Image quality was graded 3 in 27 patients (24%) who had excellent image quality with clear visualization of all ventricular walls, 2 in 49 patients (44%) in whom 1 ventricular wall was poorly visualized, and 1 in 34 patients (32%) with poor visualization of ≥2 ventricular walls.
Mitral annular tracking and quantification of MAD were achieved in all patients within 10 seconds. In patients with low EFs, mitral annular longitudinal displacement was visually reduced ( Figure 1 C) and quantitatively confirmed by reduced amplitude of the time curves, resulting in lower MAD values ( Figure 1 D).
In the study group of 60 patients, a curvilinear relationship between CMR EF and MAD was found.
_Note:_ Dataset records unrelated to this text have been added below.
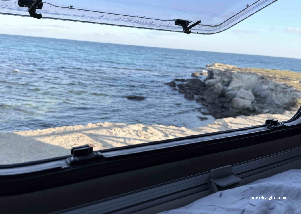 Abbiamo sostato una notte e visto un’alba spettacolare, posto tranquillo. La mattina iniziano ad arrivare auto che parcheggiano lì per andare al mare. A fine agosto quando sono stato posso dire che sono stato benissimo.
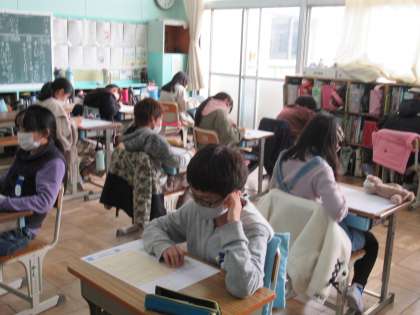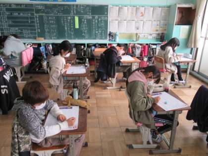 6年生の教室でもテストが行われていました。2学期末までに学んだ新出漢字等について確認するテストです。中学進学に向けて、定着できていないことがないか、確認していきます。
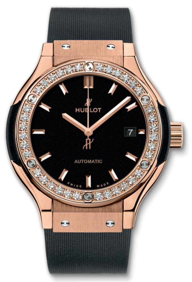 Швейцарский бренд по производству наручных часов люкс-класса Hublot представляет модель в классическом стиле из розового золота с инкрустацией бриллиантами классической огранки. Мануфактурный механический калибр HUB1120 с автоматическим подзаводом обеспечивает индикацией часов, минут, секунд и даты. Стекло сапфировое защищает циферблат от малейших повреждений. Часовая, минутная и секундная стрелки, а также часовые метки сделаны из розового золота. Ремешок каучуковый черного цвета - в комплекте. Механизм с запасом хода - 40 часов. Герметичность корпуса - 30 метров. Диаметр корпуса - 33 мм.
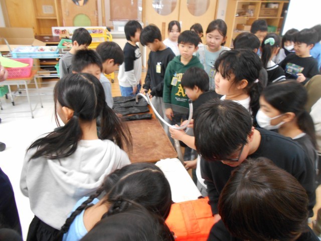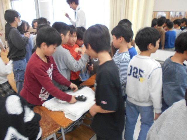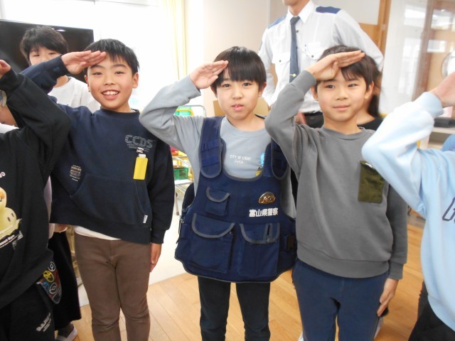 警察の方が普段身に着けておられる装備品を実際に触れさせて頂きました。子供たちは「重い!」「これで動くのは大変だな」と言いながら10kg以上ある重たい装備を身に付け仕事をしておられる大変さを実感していました。
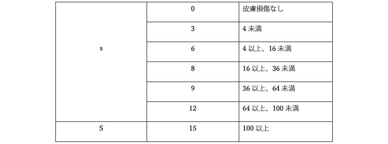 褥瘡の大きさによって判定。褥瘡の皮膚損傷部の長径と短径(長径と直交する最大径)を測定、それぞれを掛けた数値が100(cm)未満であれば「s」。100(cm)以上であれば「S」とします。ちなみに持続する発赤の場合も皮膚損傷に準じて評価されます。
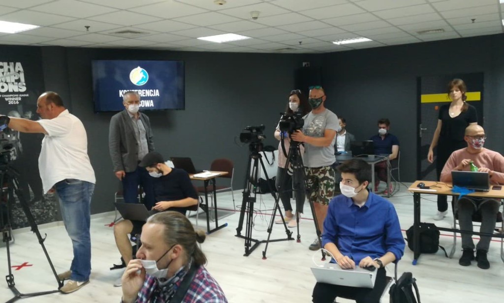 Ostatnie przygotowania. Dziennikarze oczywiście z maseczkami, taki czas mamy.

MAD from each of the 6 tracked points obtained from the apical 2-chamber and 4-chamber views correlated well with CMR EF. In both views, the best correlation was found with the midpoint values, although the differences were small: R 2 = 0.77 for the 4-chamber midpoint and R 2 = 0.75 for the 2-chamber mid-point compared with R 2 values of 0.73 lateral, 0.71 septal, 0.72 anterior, and 0.73 inferior mitral annular points. Consequently, further analysis was solely performed on the midpoint values for both apical views. The regression equations obtained for both views were similar ( Figure 2 ): y = −0.074 × MAD 2 + 5.6 × MAD + 0.34 in the 2-chamber view and y = −0.055 × MAD 2 + 5.2 × MAD + 3.3 in the 4-chamber view. The use of second-order polynomial regression resulted in slightly higher correlations in both views than the linear regression, despite the small magnitude of the second-order terms.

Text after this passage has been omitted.